Deposition of Horizontally Stacked Zn Crystals on Single Layer 1T-VSe₂ for Dendrite-Free Zn Metal Anodes

Abstract

Owing to the moderate redox potential and high safety, Zn metal anodes have been garnering great attention. However, the poor reversibility and limited-service period caused by side reactions and dendrites hinder their applications. Here, a novel anode material consisting of a hexagonal 1T-Vanadium diselenide (1T-VSe₂) film on graphene is developed as a zincophilic template to epitaxially electrodeposit hexagonal closest packed Zn to replace the conventional metal substrates in Zn batteries. The 1T-VSe₂/Zn anode induces a horizontally (002)-oriented plate-like Zn crystal deposition morphology instead of randomly oriented grains that prompts the compact Zn deposition.
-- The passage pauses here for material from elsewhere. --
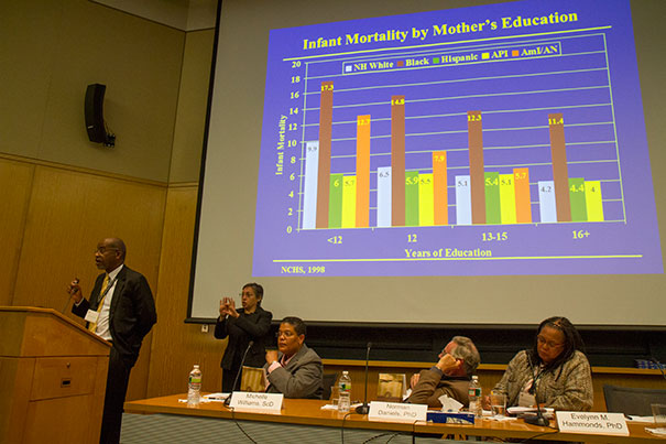“Health disparities are not new. They didn’t appear in America in 2002,” said Harvard College Dean Evelynn M. Hammonds, the Barbara Gutmann Rosenkrantz Professor of the History of Science and of African and African American Studies. Hammonds referred to a 2002 report by the Institute of Medicine on health disparities that has been credited with bringing the issue to the fore. She pointed out that not only has the issue existed for centuries, it was examined more than 100 years ago by W.E.B. Du Bois.

According to density functional theory calculations, the VSe₂ substrate exhibits a higher Zn adsorption (−0.54 eV) than the graphene (−0.38 eV) or neat Zn (−0.48 eV) counterparts, leading to the enhanced zincophilicity and a lower nucleation overpotential, in agreement with the experimental results. The force field-based molecular dynamics simulations visualize Zn nucleation and morphological evolution at the atomistic level. The rapid adatom diffusion on VSe₂ leads to layer-by-layer Zn electrodeposits with higher fraction of the (002) facets to effectively prohibit dendrite formation. The symmetric cell with 1T-VSe₂/Zn delivers an ultra-stable cyclic life of 2500 h with 50 mV overpotential at 1 mA cm⁻² and 1 mAh cm⁻².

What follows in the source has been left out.